Never mind I found this:

http://www.orafaq.com/faqloadr.htm
SQL*Loader is an Oracle utility that is almost always installed along with the Oracle database software on the server when the database software is installed.  If you have the imp (import) and exp (export) utilities, I am sure that you have SQL*Loader also.  The executable is likely named: sqlldr.
you should have it on your client machine as well. just check it

c:> sqlldr

You have to be carefull with using sqlldr on a client machine.  First of all, it is not normally installed on clients as part of a typical Oracle client installation.  If it is installed, it must be the same version of Oracle as the database or there will likely be problems.
SQL*Loader is great, but since you can't use direct path for your load, I'd use the EXTERNAL table method instead.
Through multiple instances of SQL*Loader for different files............parallelism....

you will be able to do faster in this way:

sqlldr user/pass control=c1.ctl
sqlldr user/pass control=c2.ctl
sqlldr user/pass control=c3.ctl
sqlldr user/pass control=c4.ctl

and so on





SQL Loader Is the best option. Try with "DIRECT=TRUE" for faster operation.
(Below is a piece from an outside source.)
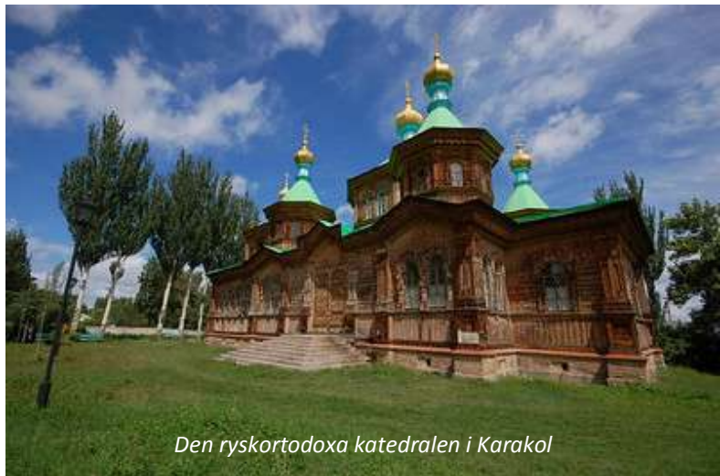
Den ryskortodoxa katedralen i Karakol

På förmiddagen väntar en stadsrundtur i Karakol, en stad med cirka 70 000 invånare framför allt känt för sina äppelodlingar, men även för sin ryskortodoxa katedral som stod färdig 1895. Karakol är en bördig trädgårdsstad med små bruna trähus och gator kantade av popplar. Här besöker ni även andra intressanta sevärdheter, bland annat Dunganmoskén, en vacker byggnad som mer ser ut som ett buddhisttempel än en moské. Den färdigställdes 1910

Note that in case you have some constraints on the target table, you should disable it for direct path loading.


Consider this example,

Control File:

load data
INFILE 'C:\<your_dat_file_name>'
INTO TABLE <your_table>
APPEND
FIELDS TERMINATED BY '|'
TRAILING NULLCOLS
(
CUSTID,
FORM_NO,
CARDNO,
FIRST_NAME,
LAST_NAME,
MAILINGADD,
CARD_IS_DT,
CITY,
PINCODE)



Contains for the BAT file for running SQLLDR,

sqlldr userid=user_name/password@tns_str control=C:\<control_file_name>.ctl log=C:\<log_file_name>.log DIRECT=TRUE


Sujit
sujit_kumar:
Direct = true is not an option for DalTXColtsFan . He has a trigger on the table which needs to be fired to insert the default values
It turned out that the data in those text files was all over the frickin place, leaving chr$(0) characters in some places, illegal and horrible characters in others etc.  I ended up demanding that the client send it to me in Access (ended up being 2 huge Access files), importing those into staging tables in Oracle, then doing an INSERT INTO to get it to play nice with the trigger on the destination table.

Felt y'all deserved points for teaching me something though.